I have to go to bed, since you folks have all this spare time to do this, find me some double blind studies to prove that it doesn’t work. Not that I really care, or that you will be able to find them (I’m assuming), but so that you have an legitimate argument that scientifically says it does not work.
People have been using cannabis for thousands of years, I’m pretty sure something critical would have shown up by now. I’m not saying that problems don’t exist, they just don’t appear to be all that bad.
OK Avandia may not have been the best example, but it’s late and I am rushing. I mean come on, class action lawsuits because of drugs are flashing all over american television.
[Freddie Prinze]Not my job, man.[/FP]Your extraordinary claim, so you come up with the goods.
Wow, you really don’t get it? Nobody is saying it doesn’t work. We’re saying there’s no decent evidence that it does, and that we aren’t going to believe it works until such evidence is provided. Christ, at least JKander tried.
Class action lawsuits like these. Or this one. But that said… are they? And even then, that’s not good enough. You don’t just need “here is a class action lawsuit against a drug”. You need “here is a drug where the scientific method failed to spot or predict side-effects or turned up a false positive for efficacy”. The latter quite simply does not exist. The former… Thalidomide, maybe? I don’t know much about that particular case. Might be your example. But even that’s just one example, and a mediocre one from over 50 years ago at that. There’s a reason we have this scientific process in place to evaluate drugs - it’s reliably and indisputably effective to an almost ridiculous degree.
And so much more.
You can sue anyone for anything. Doesn’t mean it’s legit.

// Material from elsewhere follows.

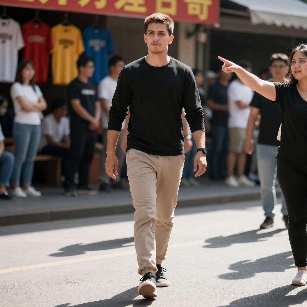 Photograph of a street performance. A man with short brown hair, wearing a black long-sleeve shirt and beige pants, walks forward with a determined expression. To his right, a woman with dark hair, wearing a black top, points enthusiastically. Background includes a crowd, colorful banners, and a shop with hanging shirts. Bright sunlight casts strong shadows.

Most if not nearly all are driven by the belief that medicine should be without side effects.
And don’t forget who gets the bulk of the settlement in a class action suit.
So now the new standard of evidence is “they talk about it a lot on American TV”? I remember when X-Files was popular, and how flying saucers kept popping up in our skies all the time. That was crazy!
What extraordinary claims? It worked for me.
Tell that to these people.
http://thetyee.ca/Blogs/TheHook/Labour-Industry/2012/01/23/class-action-suit-vioxx/
https://www.merchantlaw.com/classactions/accutane.php
Seriously? Let’s see some cites for this. Have you read all of that webmd report?
On pregnancy…
You are contradicting yourself here, and once again I personally consider death to be a little more than a side effect.
Is that the best you’ve got? You know exactly what I meant by what I said. This type of response is so typical for here, always go to belittling when you disagree and have nothing else.